“Two case studies are presented: hydrogen embrittlement of steel and additive manufacturing of aluminium alloys”
ICME methodology develops metallic materials, capable of withstanding more extreme operating and manufacturing conditions
The ICME methodology addresses the complex interactions between the chemical composition of materials and the intrinsic features of their manufacturing process, and the resulting microstructure, which conditions the material properties and performance of the component.
This methodology enables the development of new metallic materials, capable of withstanding much more extreme operating and manufacturing conditions, due to the emergence of disruptive applications and radically innovative manufacturing processes.
Case studies: hydrogen embrittlement of steel, and additive manufacturing of aluminium alloys
In the case of hydrogen, the ICME methodology assesses the influence of H2 on the fracture risk of the material and the suitability of various microstructures to reduce hydrogen diffusion, as well as determining the chemical composition and manufacturing conditions necessary to achieve the microstructures of interest.
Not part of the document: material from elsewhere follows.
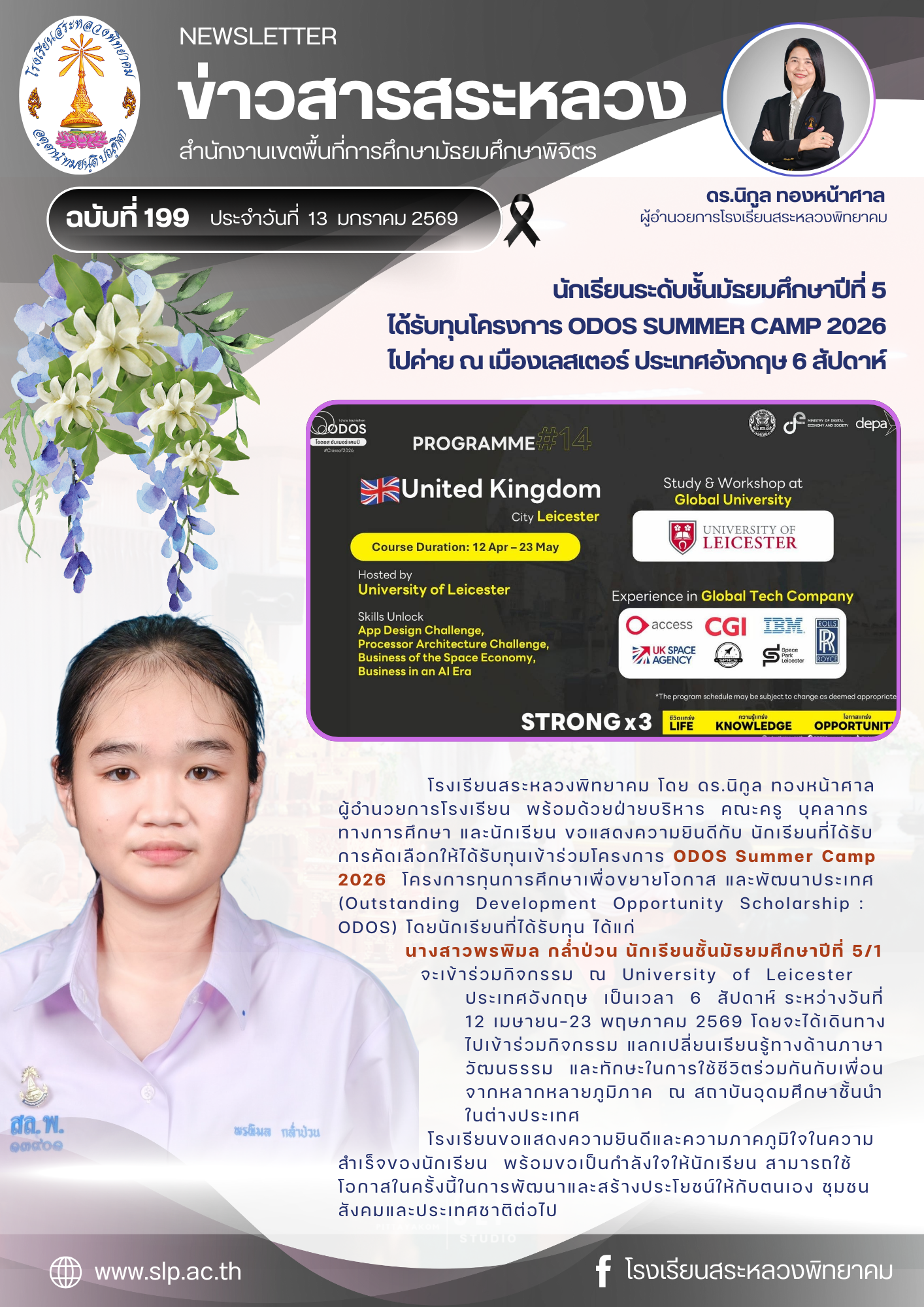 ข่าวสพม.พิจิตร วันที่ 22 มกราคม 2569 – สพม.พิจิตร ร่วมรับชมรายการ “พฤหัสเช้า ข่าว สพฐ.” ครั้งที่ 3/2569 ผ่านระบบออนไลน์ เพื่อรับฟังข่าวสาร นโยบาย ข้อราชการ และแนวทางการจัดการศึกษาจากสำนักงานคณะกรรมการการศึกษาขั้นพื้นฐาน

For the additive manufacturing of aluminium alloys, the ICME methodology evaluates the influence of chemical composition and process conditions on the resulting microstructure, as well as the influence of the latter on the mechanical properties; facilitating the design of new alloys that are specifically adapted to the characteristics of additive manufacturing.
ICME (Integrated Computational Materials Engineering) is developed in the Elkartek programme with partners IMH, BCAM, CEIT, UPV/EHU, Mondragon Goi Eskola Politeknikoa and TECNALIA.